The historical pattern has been, however, that we have to move to higher and higher levels of abstraction in order to take advantage of new processors. The Cray-1 and its vector-oriented follow-ons required that programs be rewritten to use vector operations (like the dot product) in order to realize full performance. Later machines have required that algorithms be formulated in terms of matrix-vector operations or even matrix-matrix operations to push hardware as hard as it would go.
We are at just such a threshold right now. The difference is that there isn’t anywhere to go beyond matrix-matrix operations. That is, there isn’t anywhere else to go using linear algebra.

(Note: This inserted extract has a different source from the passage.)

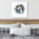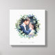 Cette jolie toile enveloppée présente une couronne d'aquarelle remplie de feuilles verts branchés et de baies bleues poussiéreuses, et votre photo personnelle apparaît au centre. Il y a aussi de la place pour personnaliser avec vos noms.
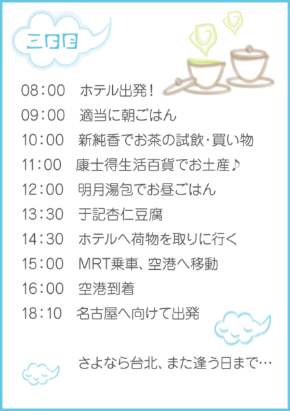 本日はいよいよ、7月に行く台湾旅行の計画表の最終日をアップ♬なのだ。

But we don’t have to restrict ourselves to linear algebra. As it turns out, we can move up the mathematical food chain a bit. It has long been known that there are bigger fish in the mathematical abstraction sea than just matrices. One such candidate is called a tensor. Tensors figure prominently in the mathematical underpinnings of general relativity and are fundamental to other branches of physics as well. But just as the mathematical concepts of matrices and vectors can be simplified down to the arrays we use in computers, tensors can also be simplified and represented as multidimensional arrays and some related operations. Unfortunately, things aren’t quite as simple as they were with matrices and vectors, largely because there isn’t an obvious and simple set of operations to be performed on tensors like there were with matrices and vectors.
There is some really good news, though. Even though we can’t write just a few operations on tensors, we can write down a set of patterns of operations on tensors. That isn’t quite enough, however, because programs written in terms of these patterns can’t be executed at all efficiently as they were written. The rest of the good news is that our inefficient but easy to write programs can be transformed (almost) automatically into programs that do execute pretty efficiently.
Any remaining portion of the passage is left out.